The idea that EOS has underlying security and trust holes isn’t a novel idea but EOS lacks the Szabo-ian social scalability other networks like Bitcoin and Ethereum cherish dearly. Due to the EOS blockchain’s reliance on human-interpreted constitutions, the trust-minimization in the system is poor. As a result, the system lacks the social scalability present in other public blockchains. Despite the failures of their experiments, the “ever-efficient” crypto markets currently have it firmly as the 6th largest cryptocurrency by market cap.
It’s clear what EOS is not: a decentralized, socially scalable smart control protocol and native internet money. It’s clear what EOS is: a heavily centralized network controlled by insiders that serves to enrich its creators and early backers.

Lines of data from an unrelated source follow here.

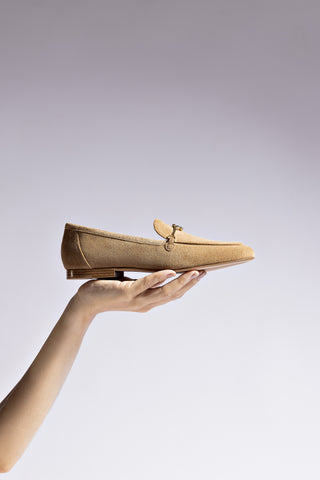 Miso Wooden Platform Clog In Peanut Suede And Natural Shearling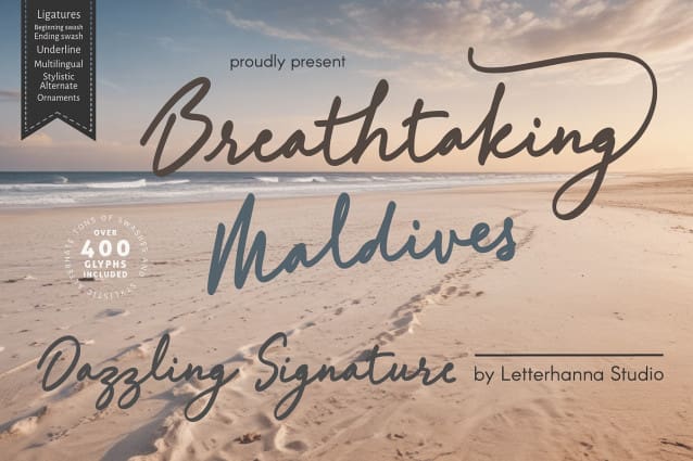 Breathtaking Maldives Font, a bold signature font designed to make every word stand out. With its confident strokes, this typeface captures the essence of sophistication and modern charm.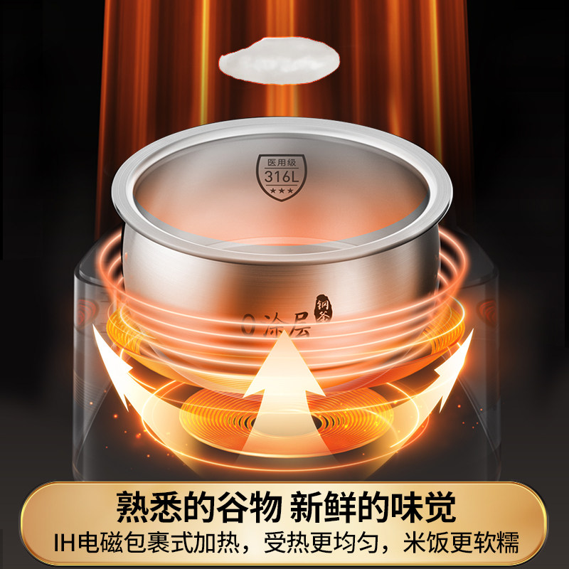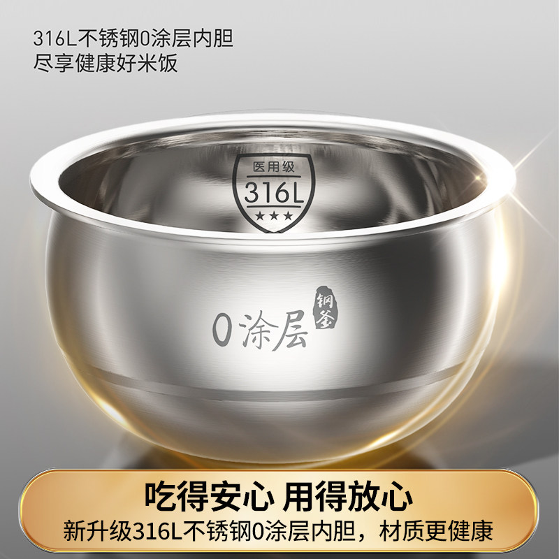 九阳0涂层IH电饭煲家用电磁加热小型316L不锈钢压力锅烹饪机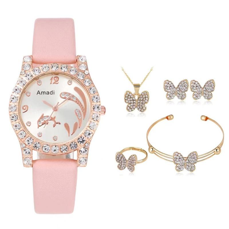 Amadi Montre haut de gamme pour femme Papillon Ensemble cinq pièces Automne Nouveau Décontracté Simple Mode Étudiant Style Exquis Dauphin Quartz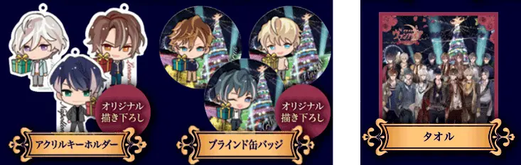 また、園内レストラン「ワイルドダイニング」にて、イケメンヴァンパイアをイメージしたコラボフードが登場します。メインの料理にはランダムポスターも付いてきます。園内売店「プレジャーステーション」では、コラボグッズも販売いたします。普段遣いしやすいミニハンドタオルを始め、ファンにはたまらない描き下ろしデザインのブラインド缶バッジ・アクリルキーホルダーを販売します。

This hints at some core problems: is the end state of blockchains that implement shareholder governance models that they all morph into a plutocracy? Are malicious actions (e.g. vote buying, rule-of-the-rich) desirable outcomes in what was initially billed as an attempt to democratize the architecture of the internet? We wanted open systems that enable us to sever ourselves from large internet monopolies, but it seems like we just swapped out King Zuck for King Dan.
Dan Larimer, EOS founder, is a serial launcher-of-cryptocurrency-networks. His prior art includes Bitshares, a 2014-era stablecoin experiment and Steemit, a social network that ran on its own blockchain. Both of these projects are in a state of disarray, with Dan exiting both projects to build the EOS vision. Recently, news site Steemit announced laying off 70% of their staff given recent price action while token supporters claim that everything is fine.
More recently, Dan announced in what may be a tongue-in-cheek comment (who can really tell at this point), that despite working on the EOS security model, he is interested in creating a hypothetical new token that’s distinctly different from EOS. This new token “would be immutable, non-programmable, and limited to a currency role.” If you ask me, that sounds an awful lot like another token created by some anonymous dude over 10 years ago.
For now, the EOS money printing machine seems to be profitable. Even at $2 EOS, the top BPs can earn in excess of $500k/yr where the server costs and opex (a barebones team) required to keep their systems running are minimal.
I’m not sure what the EOS community can do to rectify the fatal political problems in the ecosystem as this point. Perhaps it’ll be flushed out in this cryptocurrency bear market, but one thing’s for sure: watching cryptocurrency enthusiasts re-discover basic learnings from political science and capital markets will never cease to be fun.